My bottom has also been hurting something fierce. Having a bowel movement is extremely painful, like over the top. Doc told me yesterday he might have to get surgeons involved if it doesn’t start improving. This would delay the transplant a bit. Evidently, I have some kind of erosion or fissure or something. Not recommended for a weekend of joy.

I wish I could say I was Mr upbeat, but I’m not. Feeling rather down. I’m already tired, weak, and ready for this to be over with but the worst has to come.

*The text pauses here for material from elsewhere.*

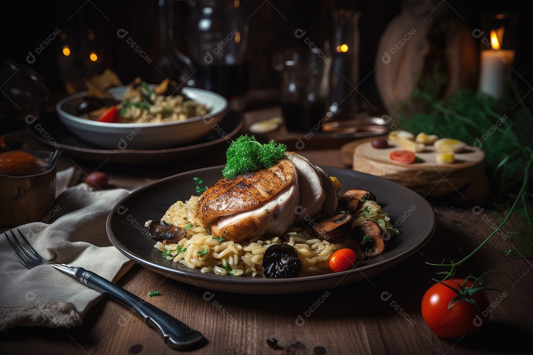 Festo delicioso com risoto, cogumelos e frango grelhado.

Looking forward to visiting with family this weekend, stepsister is coming up for a visit. Family has a way of lifting spirits.

About Robert I Baxter

Greatest Commandment is #1. Follower of Jesus, husband, father, RN, love photography, cancer survivor of Burkitt's twice (2008 & 2014). Stem Cell transplant November 2014. Work in a neonatal ICU.
This entry was posted in burkitts, cancer, chemotherapy, lymphoma, stem, transplant and tagged , , , , , , . Bookmark the permalink.

14 Responses to

  1. Brenda Hockaday says:

    Glad I got to see you. I know you are miserable with only even greater misery coming in the next few weeks. But try not to lose sight of the goal. Prayers going your way. brenda


  2. Stephanie Eidson says:

    Please know you and your family are in my prayers. Please wrap yourself in the love of the prayer shawl I gave and know many are praying for you everyday.


  3. Brandi Crump says:

    I know you are BEYOND miserable at this point but you know what…you are getting your Stem Cell Transplant! There were days, not so long ago, when this seemed so far away and you wondered if it would ever come. I can’t even begin to imagine how your body and spirit feel at this point. Keep that chin up and know that there are some bad days ahead but that your faith, family, and friends will see you through. LIFE, my friend, is what lies ahead…past all the icky feeling, sticky tongue, Imodium carrying, possible fissure pain, chemo, blood / platelet transfusion filled days…are more days that you will be healthy and happy…and above all, living! (((Hugs)))


  4. Clare says:

    I’ll be praying these next few weeks for superhuman strength and patience for you (along with prayers for your comfort and healing!).


  5. Joyce says:

    Robert keep the faith, uou are going thru a rough time but I have faith you will beat this, love you guy. Joyce


  6. Lu Seymour says:

    Robert, very best wishes, love and many prayers from Downunder for what is ahead of you. You are a very strong person to go through this. I wish Janice and your girls and extended family courage as “they walk through this with you”. Will be thinking of you. Lu Seymour Australia


  7. Susan Raulie says:

    Know we have been out of touch, but I am thinking of you and your family. I know with your strength that you will beat this. I am praying for you!